January 23, 2008

Losing control

Most modern psychologists will tell you that a major source of human anxiety and the drain on the national supply of Xanax is a "perceived lack of control." Like losing one's brakes during rush hour on the GW Bridge or getting stuck in a spiderweb as you flee from a huge man-eating spider...thinking that you've lost all control is something that makes a lot of people shit their pants.

I've managed to keep my pants clean and dry, but I can't help but find it supremely uncomfortable when I am force fed my own ineptitude: i.e. when I feel like a complete moron.

Like two days ago, for instance. I was trying to take a bus downtown to my agent's office. I usually take the train, but I didn't want to walk a mile from the subway in the subzero frozen tundra (that looks astonishingly like a big city). I've always felt confused by the tangle of bus lines on the metro maps, but I figured if I get a bus that's going the right way down a one-way street, I'll probably end up heading in the right direction. My journey began with a frantic search for the actual bus stop. Of course, there were no signs and no indications that a bus has ever stopped there in the history of the city's public transportation system. The only person in sight was the bum selling papers on the street corner, and I think he actually took pity on me. I know this because he did not ask for money after pointing out the bus stop three yards from where I was standing. The bus arrived shortly thereafter, and I got on without incident. My cheeks barely had time to warm when it was time to transfer to a crosstown bus. I pulled the cord that you're supposed to pull to indicate that you'd like to get the hell off the bus, and stood close to the front doors as the bus driver pulled up to the stop. The doors didn't open immediately after the bus stopped, yet the driver gave me a look that said, "why are you still on my bus?" Crap, was I supposed to get off at the back of the bus? Are there some unwritten (or perhaps clearly marked) rules of which I don't have cognizance? So I bounded to the back of the bus to find those doors locked tight. Then I looked back at the driver, who calmly and slowly opened the front doors with a smirk. I ran off the bus and croaked out a "thanks." It took me ten minutes to find the next bus stop, which was literally in front of me as I exited the first bus. Just before I boarded the second bus, I realized I had just been walking around like a drugged schoolgirl in one of the city's more dangerous projects.
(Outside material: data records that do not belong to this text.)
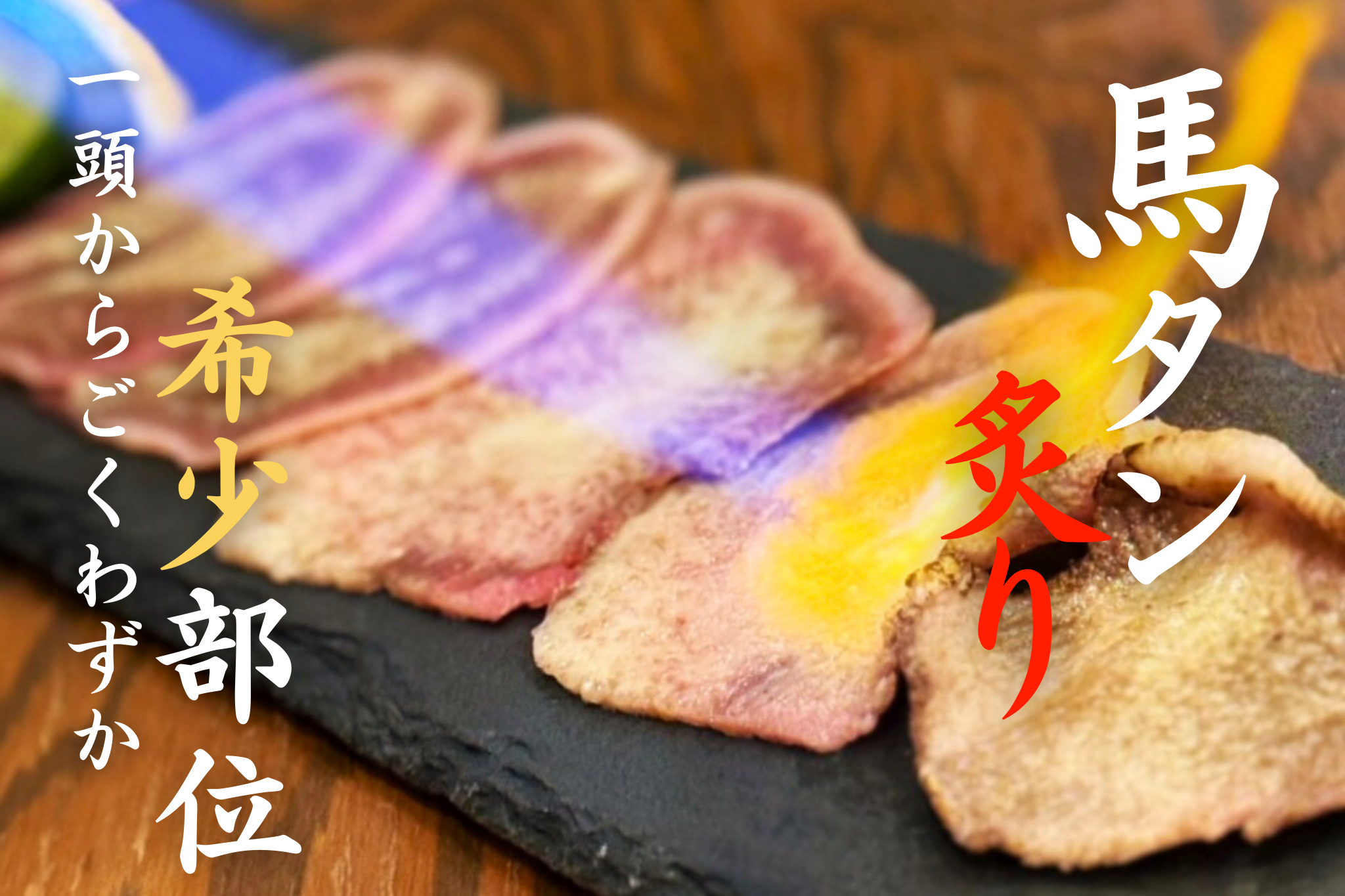馬肉専門店でも入荷困難の希少部位“馬のタン”を贅沢に炙りで楽しむ新商品登場! 【大衆馬肉酒場 馬王 堺筋本町店】
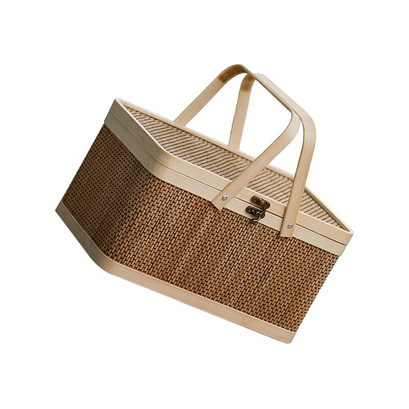 Description Natural Woven Picnic Basket Wicker Bread Basket Gift Fruit Storage Basket Picnic Basket Wicker Hamper For Outdoor Picnic Camping Features- Color: As Shown;
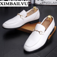 品牌男士素面小白鞋套脚时尚透气皮鞋英伦风男休闲鞋内增高乐福鞋简约舒适百搭豆豆鞋666白色+
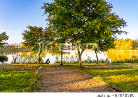 長野県茅野市 紅葉の始まった秋の蓼科湖の朝 湖畔でくつろぐ人
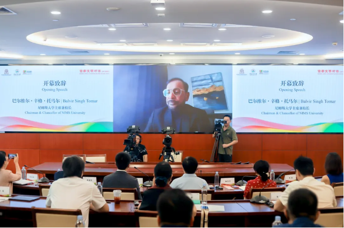 印度尼姆斯大学主席兼校长巴尔维尔·辛格·托马尔在致辞中表示,中国和印度都有深厚的古代文明,两国一直互相尊重,密切联系,对世界产生了深远影响。期待与会专家学者以此次活动为契机,不断拓展交流渠道和领域,增加高校和机构间的互动,在专业对话、学术对话中促进文明互鉴,推动两国创新和发展。
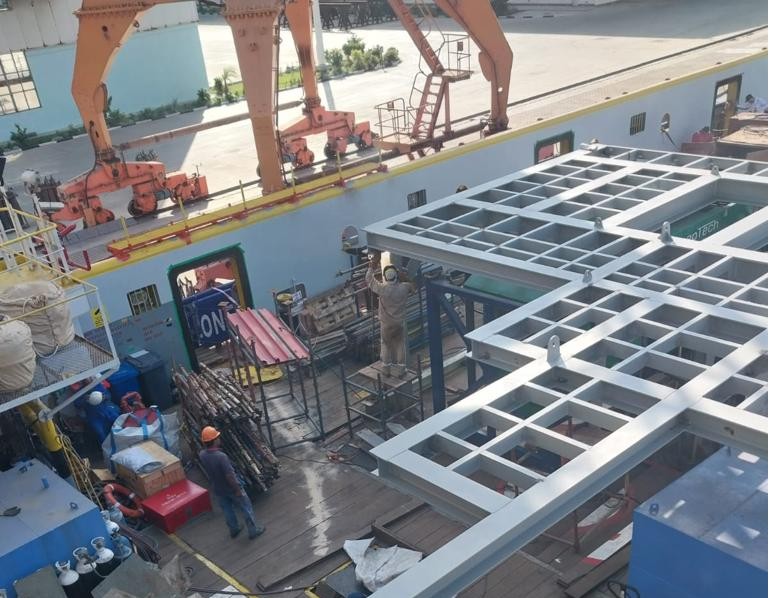 This information was then passed on to our design team, which developed the structural drawings for Class approval and the detailed drawings with final MTOs. At this point, the structure was divided in three modules to allow the prefabrication phase to overlap with the design and engineering phase.

When the doors whooshed shut behind me, I couldn't shake the depth of my idiocy for many blocks.

I suppose things could have gone much much worse...Like yesterday, for instance, when I spent three hours transcribing the wrong interview.

But there is an upside to the anxiety. If I were in control of everything in my life, I wouldn't have the fodder for self-deprecating humor. And without that, we wouldn't have any funny people in the world.